Court opens with reflection
Last week your writer was privileged to have been part of a ceremony that affected not only my business, if you will, but our way of life here. The ceremony, sponsored by the Lincoln Parish Bar Association, took less than an hour, but it was reflective of the honor, capabilities and integrity of our profession here as well as the people we represent.
I thought I would share some of the joy with you my favorite readers. In the event that one is reading this for the first time, let me make a short reference to my job, or at least my “daytime” job: I am a lawyer. I am proud of that. Now from time to time in this column, I have poked a little fun at my profession; this has caused me to be criticized by some of my colleagues. I have also written some complimentary remarks about some of the courageous achievements and positions of other attorneys and judges, and for this, I have been criticized by some in the public. But all of this goes along with freedom of speech and freedom of the press. If one writes a word in public, he should be prepared to have a comment hurled back, and I can handle that.

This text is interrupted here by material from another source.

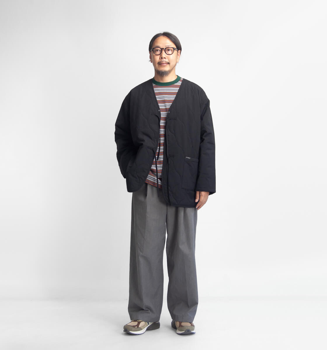 シルエットに関してはMANUAL定番のワイドシルエット。着丈は長くならないように程よい長さに設定しつつ、身幅・肩幅はゆったりとした全体的にワイドなシルエットです。ただ腕周りは太く見えないよう、身幅に対して細幅に設定しているので、大き目なサイズ感ながら大人見えするフォルムに。

So, if this week’s views are too “nice” toward the legal profession and one takes umbrage at that, well, so be it.
Every court in this state, as do we here, has a “fall opening” of court. This traditionally takes place at the beginning of September during a regular court session. Here in Lincoln Parish, we have observed the opening of court at the time of the impaneling of the Grand Jury. Historically, this time of year has as part of its roots the fact that court used to be closed for the entirety of the summer. Kind of like the schools, the courtrooms did not have air conditioning, so business shut down.